There were 2 feet of writing. There were quotes from the Bible on the stones. These beautifully carved stones. All of them leaning awry.

And it's so sad, they're neglected and awful. And then I went of course to that little house, that little workshop. And Jozio's family was still living there. His cousins and aunts were still living there. And I opened the trap door which led to the cellar.

Q. Did you go down there?

A. No I didn't. I don't know why I didn't, but I didn't. I didn't go down there. ... I don't know why I didn't.

Q. Why do you think it's important that kids hear this message?

A. I think it's important because it happened and it's now in different forms, it's happening in different parts of the world that people are being murdered because of their race or because of their color or because of their religion. They have to know that we, all of us, have these wild, untamed instincts in us and we have to be careful about the roles that we take in dealing with other nationalities and other people.

We have to be tolerant and root out prejudice. Because prejudice, it's just a road, but it leads there.

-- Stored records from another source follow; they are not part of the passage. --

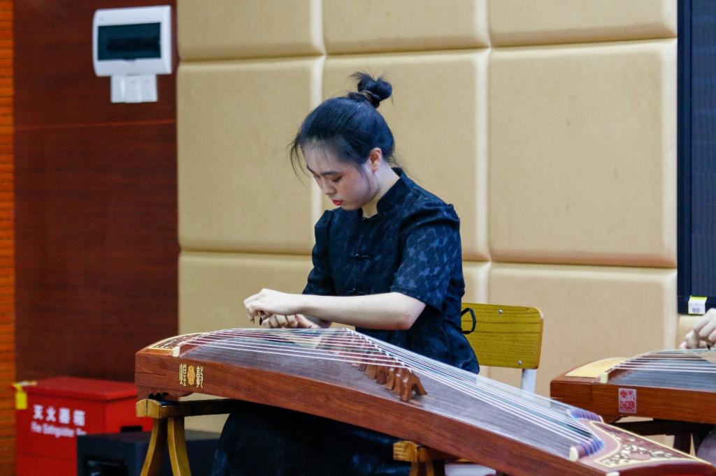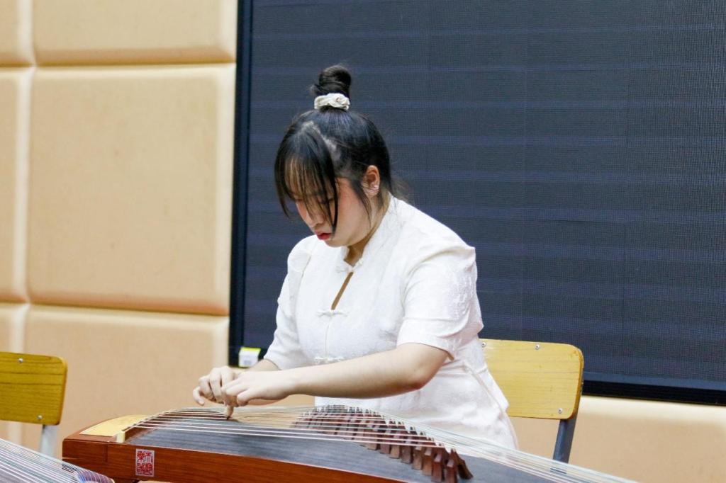 接着由器乐队为我们带来古筝弹奏战台风》。细丝般的筝弦,蕴含着无穷的力量。琴声时而优美动听,像小溪那泉水叮咚;时而宁静悠远,好似那山谷的幽兰。它有一份独特的气概,好像一位英雄豪杰。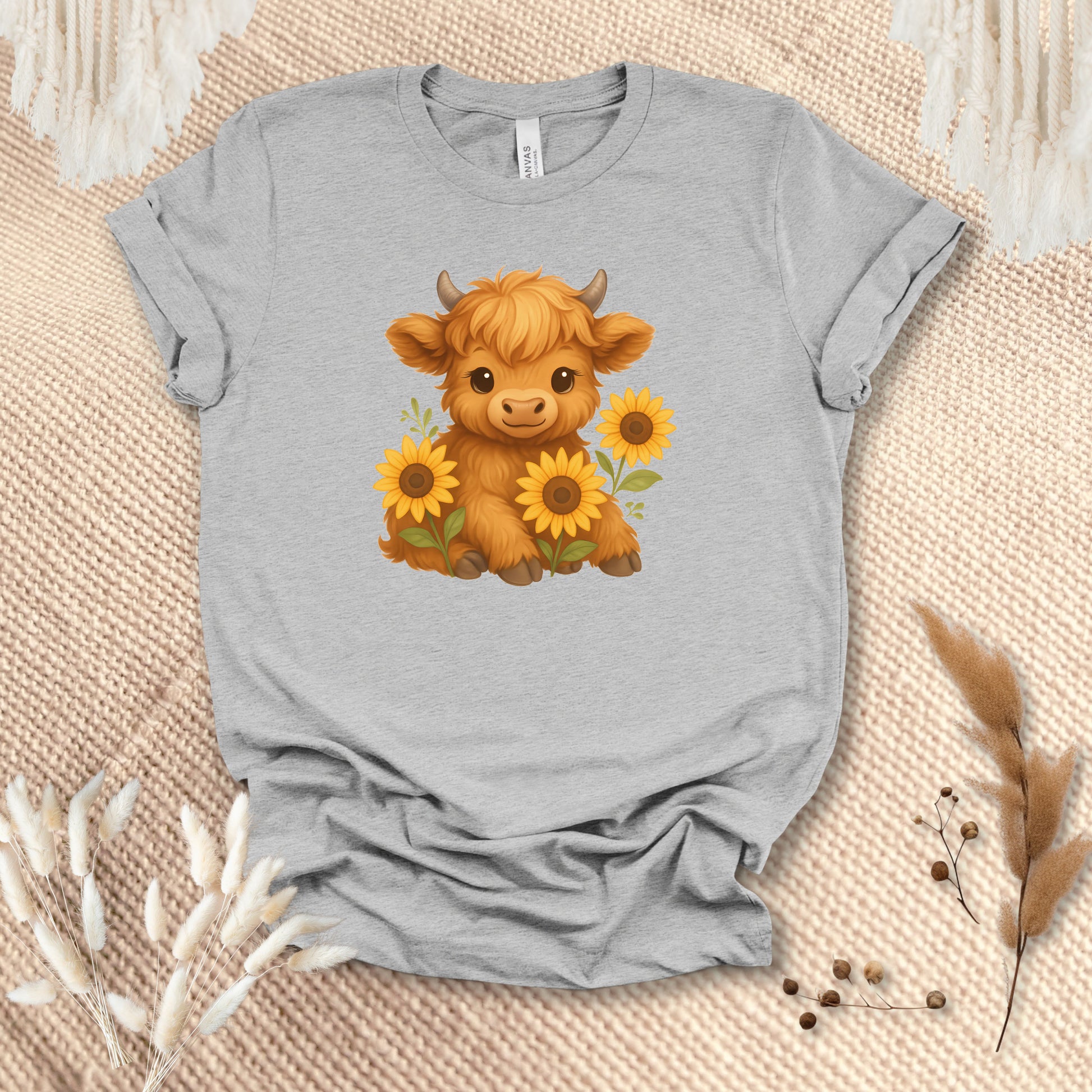 Brighten your wardrobe with this adorable Highland cow T-shirt featuring a sweet fluffy calf surrounded by cheerful sunflowers. Soft, lightweight, and comfortable, this tee is perfect for farm girls, cow moms, homesteaders, and anyone who loves cute cow designs with a warm country feel.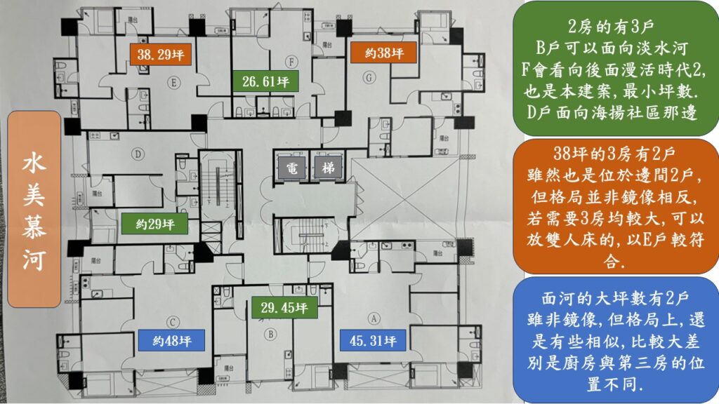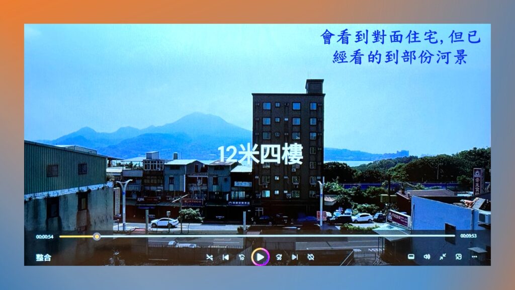 能在淡水河的河岸第一排,就能天天欣賞這片山河景觀;水美慕河亦有這樣的優勢.不過因為在其正對面,有一棟8層樓的建築,所以,若會介意被其遮擋住部份的景觀視野,則可以選擇較高樓層.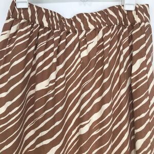 A New Day Khaki Cream Zebra Stripe Linen Blend Midi Wrap Skirt NEW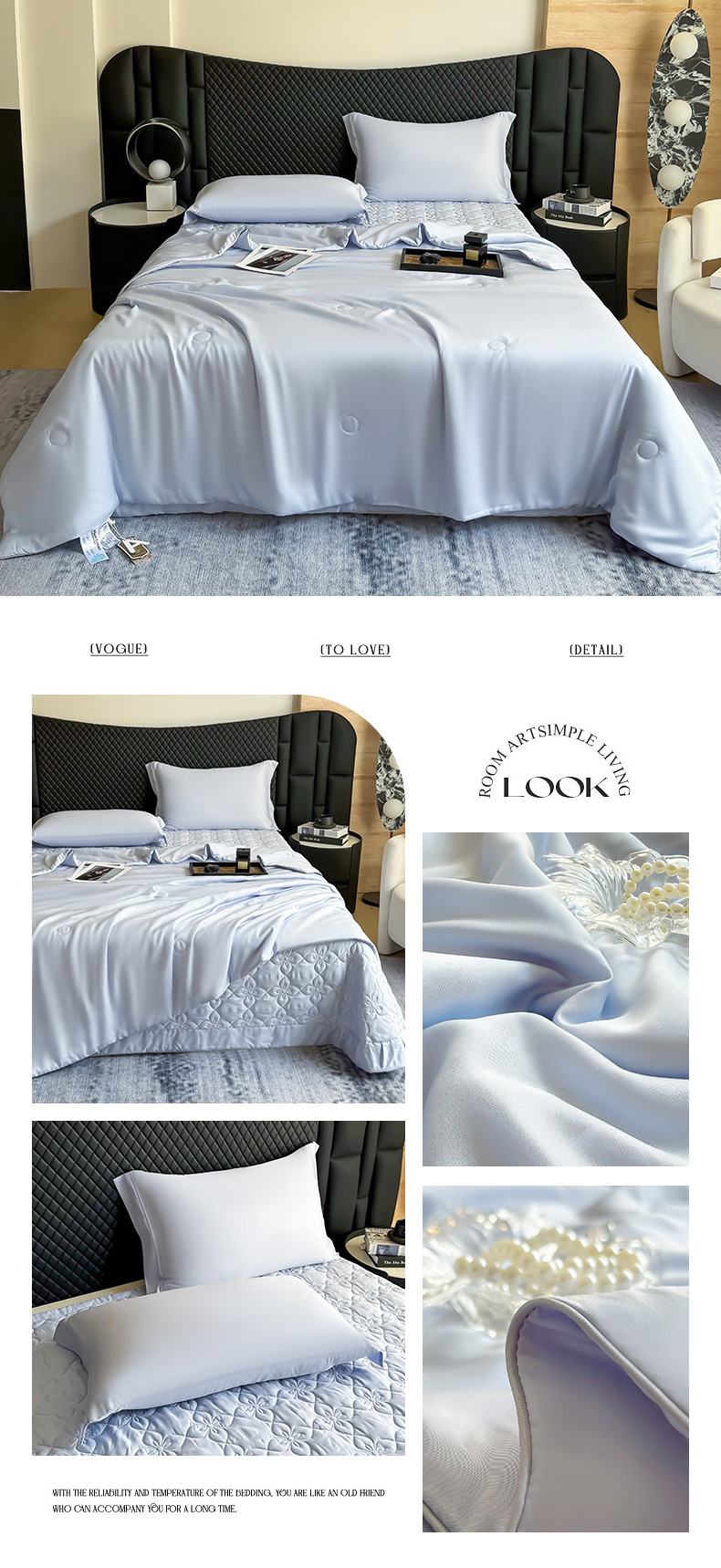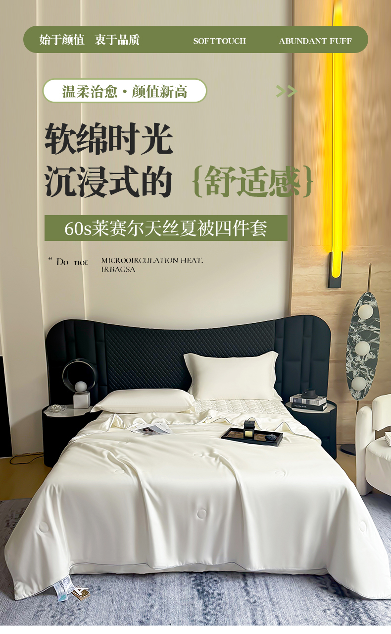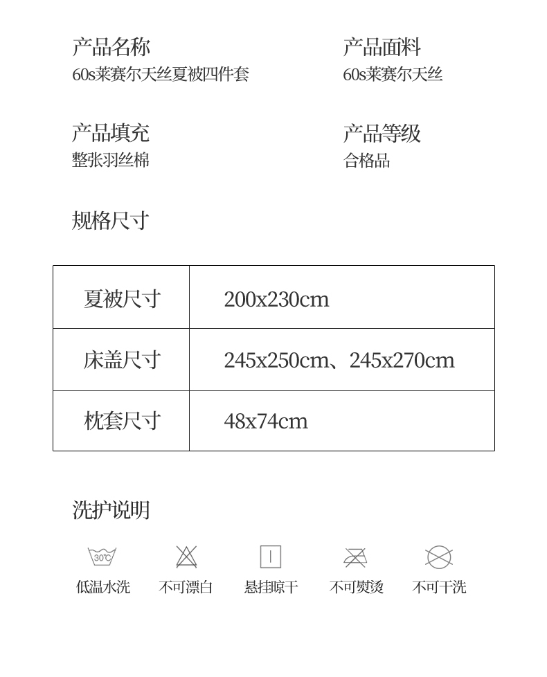 商品名称:(总)三俏家纺 2026新款夏被100%莱赛尔天丝纯色床盖款夏被四件套60支天丝夏凉被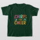 Den här t-shirt-designen sjungor med lycka! Den innehåller meddelandet "Chirp for Cheer" i en visning med vibrerande multifärgad. Varje ord är ett annat färg som framkallar fåglar och vårar, skapar en ljus och glad atmosfär. Föreställ dig färg som solsken gult, ljusblått som en klar himlar och läskig grönt. Utformningen är en perfekt för alla som för med sig glädje till andra och finner lycka i det enkla sak, som en fågels fromma sång.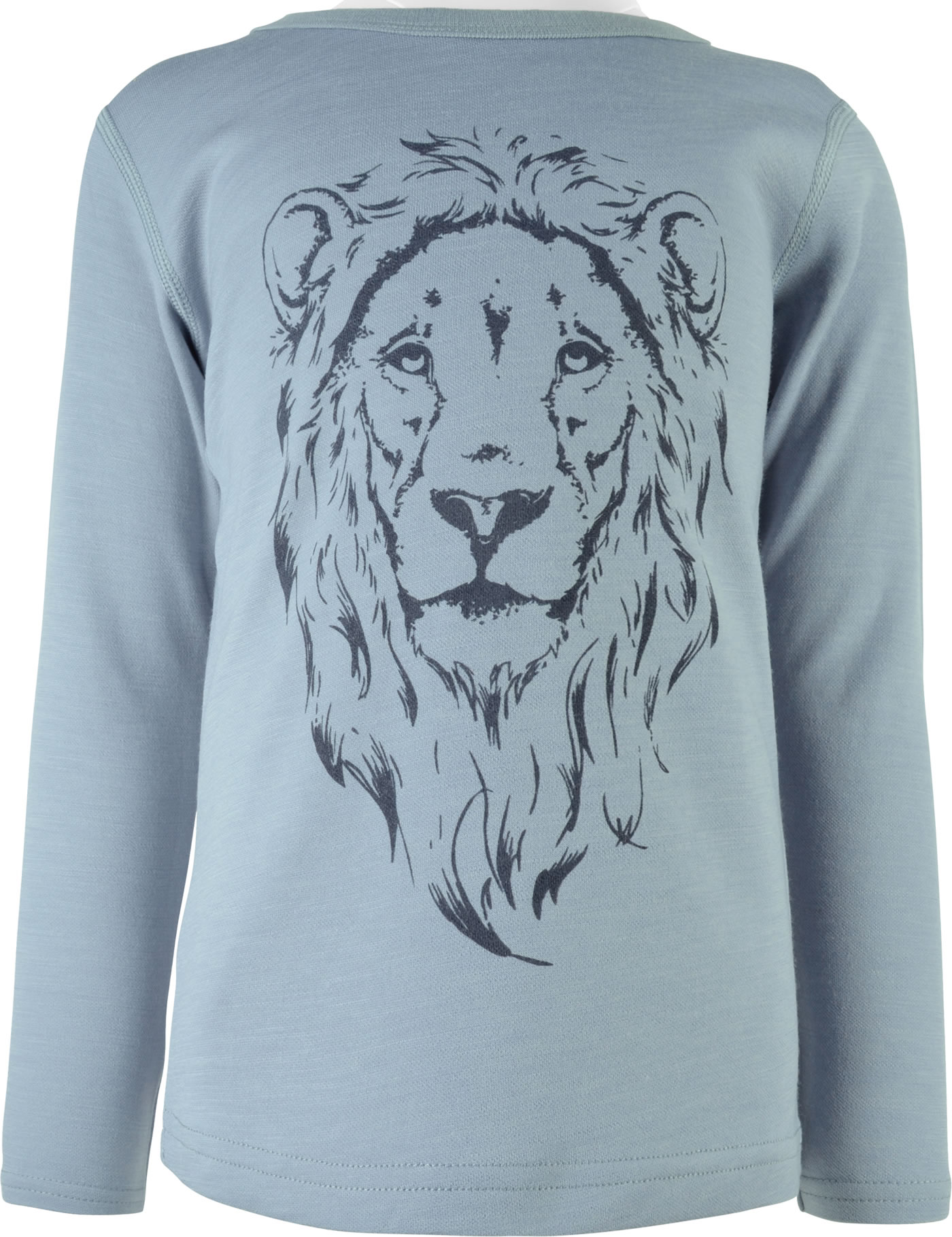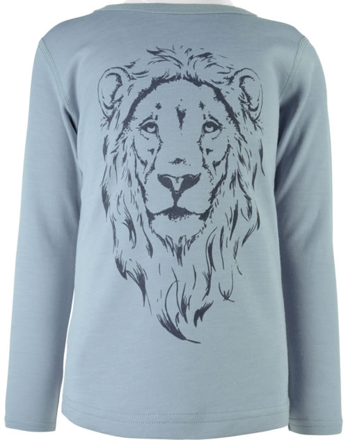 T-Shirt mit langen Ärmeln von HUST AND CLAIRE. Ein toller Hingucker ist der Löwenkopf auf der Vorderseite. Durch den hohen Wollanteil hält das Shirt schön warm und die Viskose aus Bambus sorgt für ein angenehmes Tragegefühl.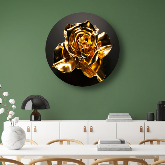 Prachtige Gouden Roos met Schitterende Glans aluminium muurcirkel
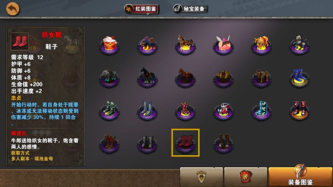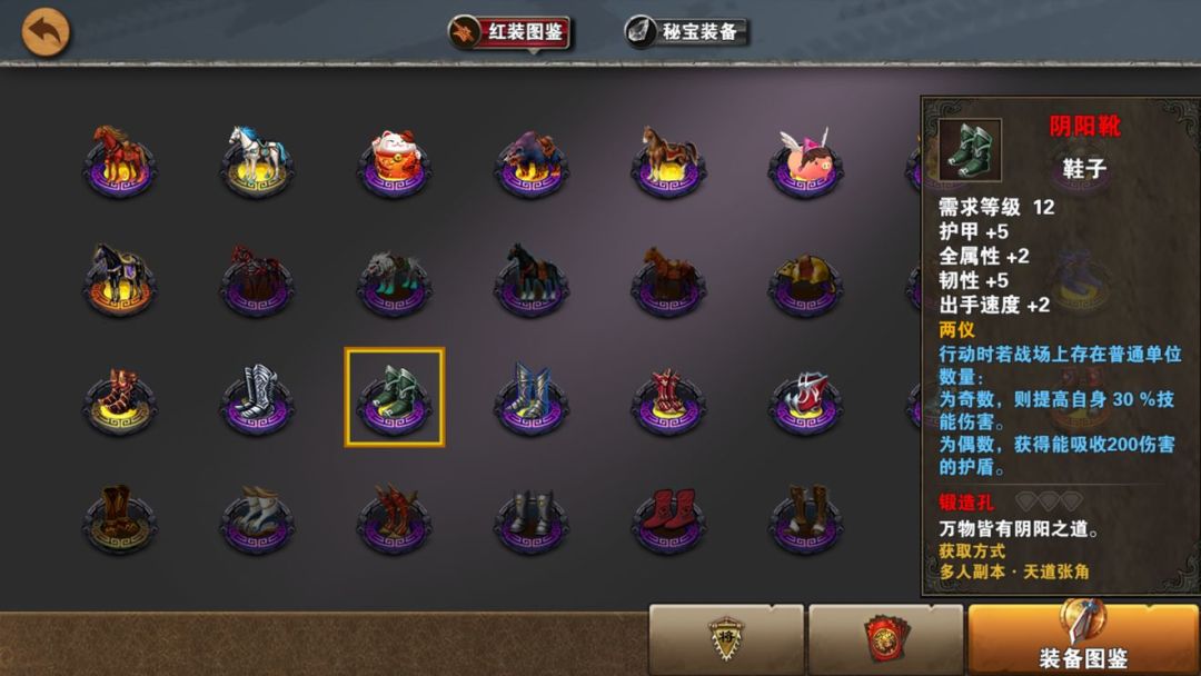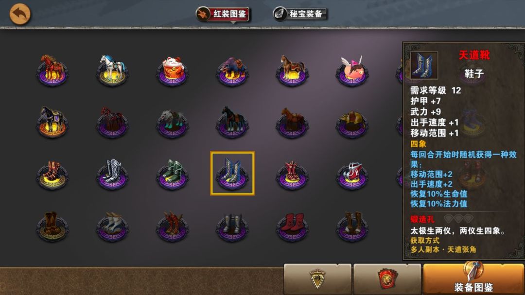 基础属性较弱,特效随机不太好把握。值得使用的是回蓝,在汉中打诸葛,动则几十回合中,蓝很快就耗尽了,拿去给夏侯续航用用。其他地方,貌似没有特别的作用。不知道缺德破魂甘宁穿天道是否有意义。天道鞋有没有可以随缘,拿到了留一双,说不定以后会用呢。
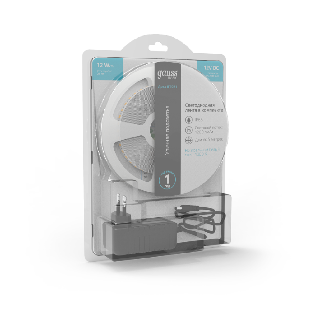 Лента Basic в комплекте LED 2835/120 12V 12W/m 1200lm/m 4000K 8mm IP65 5m 1/50 BT071, Лента светодиодная одноцветная белая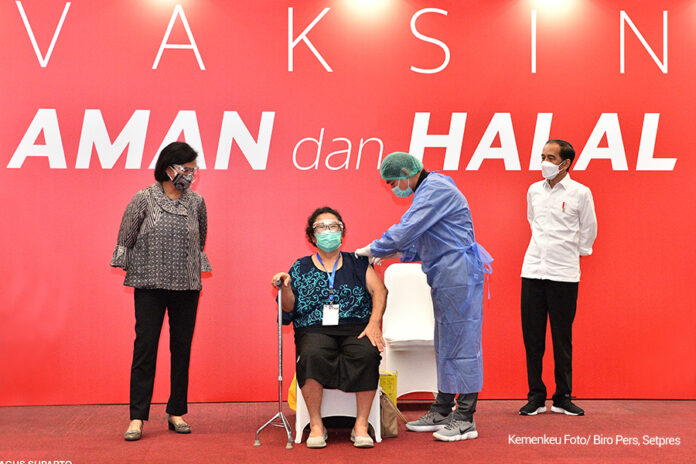 Hal ini diungkapkan Menteri Keuangan (Menkeu) Sri Mulyani Indrawati saat mendampingi Presiden Republik Indonesia meninjau pelaksanaan vaksinasi para pelaku perbankan dan pasar modal, di Gedung Bursa Efek Indonesia pada Rabu (31/03).
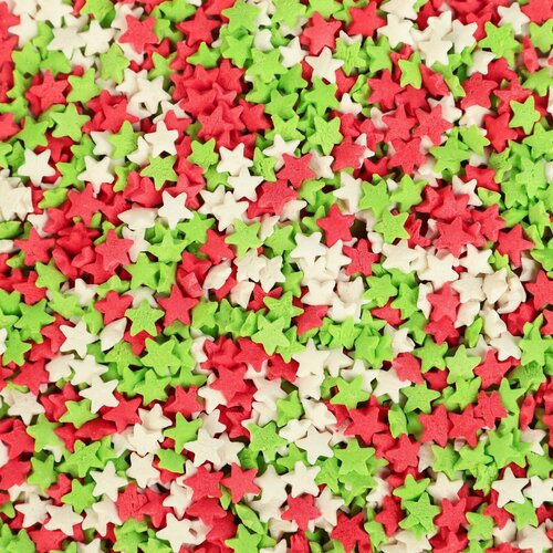 Посыпка кондитерская "Новый год" декоративная Звездочки (зеленые, красные, белые) 20 г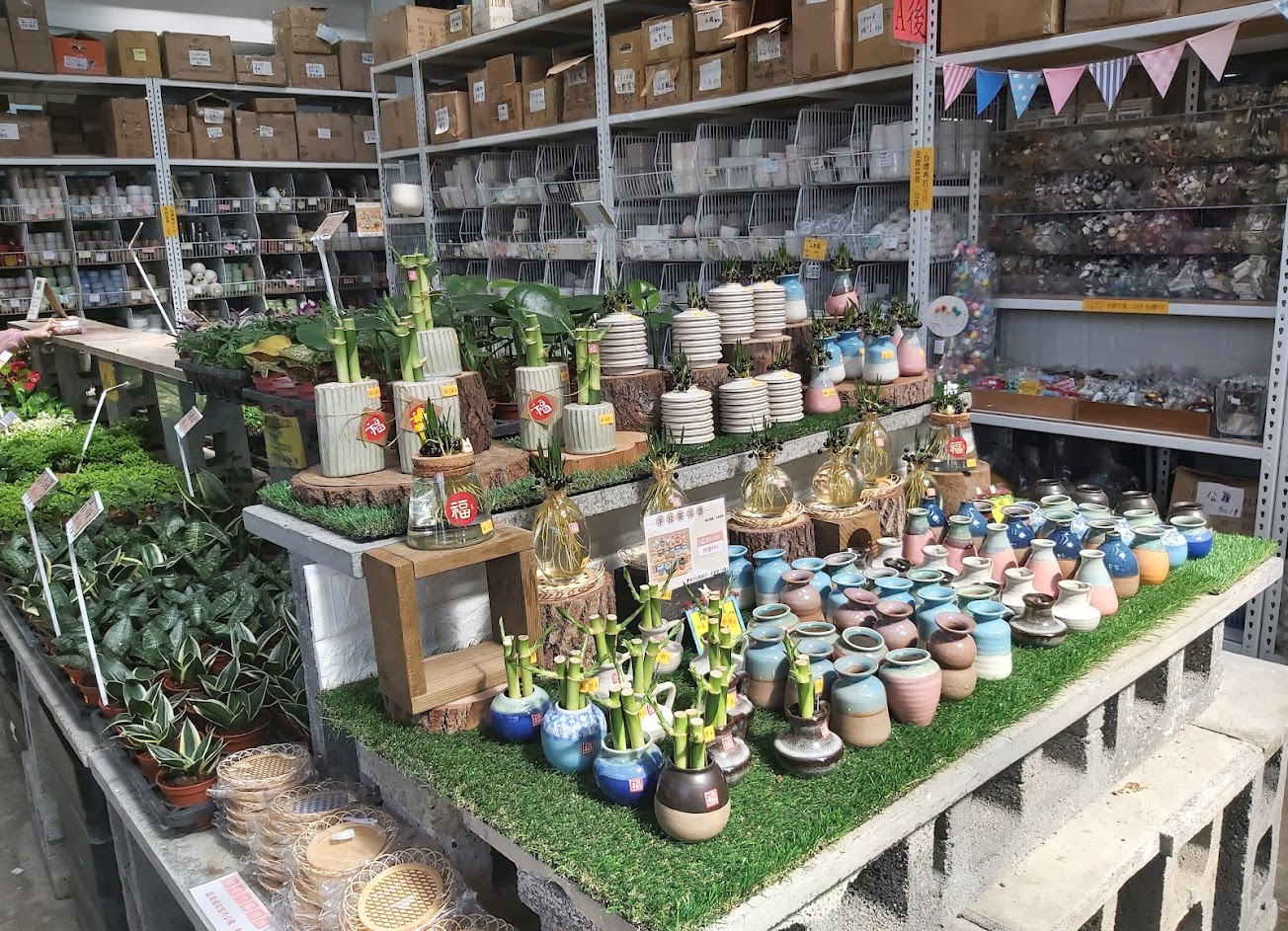 盆器種類非常豐富,材質也多樣,應該有上百種,有眾多盆栽裝飾小物可以挑選,但價格沒有很平價,店內有廁所。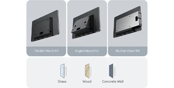 تأتي رووم بانل بلس E2 مع حوامل وشريط تثبيت، مما يتيح تركيبه بسهولة وبزوايا ميل قابلة للتعديل على مختلف الأسطح مثل الزجاج، الخرسانة، الخشب وغيرها، ومع دعمه لـ PoE أو DC، يصبح التركيب أكثر بساطة وتنظيمًا دون فوضى الأسلاك.

That was the most horrible period in history, I believe, that nothing so cruel and brutal had ever happened. But one has to know, or one repeats it.

Q. Did we learn the lesson?

A. Certainly not adequately enough. But the reminder, the fact that there are so many Holocaust museums all over the world. That there are books like this being published. That 10th grade is mandated to teach the Holocaust. It's very important.

It's very important for young people to know that this happened. That this could happen. That we have to be very vigilant about our prejudices. And not to allow this to happen. And young people have to be taught because they're most impressionable and most idealistic. And they take these things to heart.

Q. One of the things you said in the book is that it's important to get these stories down.

A. Yes. My mother is 96, and many survivors of her generation are dying. We are the last witnesses, we hidden children. ... We are the last witnesses of an incredible chapter of history. Really incredible. Such evil. Such incredible evil. But you see such evil, or similar evil, is happening now around the world. It's happening in Darfur. It happened in Cambodia. It happened in Yugoslavia. We have to be very careful. And we have to learn this chapter thoroughly. All children have to learn.

MEMOIRS OF A HOLOCAUST VICTIM

"Bitter Freedom: Memoirs of a Holocaust Victim"

Jafa and Natan Wallach were living in Poland near the community of Lesko when the Nazis took over the country. In a manuscript written by Jafa in 1959 and hidden away for years afterward, she tells the story of how many members of their family were murdered in a Nazi concentration camp, and how they and a couple of other family members later were forced to hide from the Nazis in a tiny earthen basement for 22 months. The cellar was hidden beneath the floorboards of a workshop owned by a mechanic named Jozef Zwonarz, whom the family called "Jozio." Jozio protected the family from the Gestapo, keeping them hidden and bringing them food, water and information. He kept the secret of their whereabouts to himself, not even telling his wife, who grew jealous of his suspicious activity and almost gave them away numerous times. The Wallachs protected their 4-year-old daughter, Rena, by sending her off to live in the woods with a Polish family whose patriarch, Janek, worked as a forest watcher for the Nazis. Janek's family was fearful the Nazis would discover that they were harboring a Jewish girl and would execute them if they found out. So Rena, who was unaware of her parents being alive in the basement a short distance away, lived in constant fear that she would be sacrificed to save her caretaker family.

"Bitter Freedom" details the family's struggles before, during and after the war.

Rena, who now lives part time in Corinth with her husband Vlad, helped her mother edit her manuscript and get it published, and she wrote the book's afterword. Rena Bernstein now plays an active role in ensuring that the stories of the Holocaust are not lost to time. She speaks often to school-children, and will be the focal point of the upcoming "Celebration of Life," in which local students will express their feelings about the Holocaust through various art forms.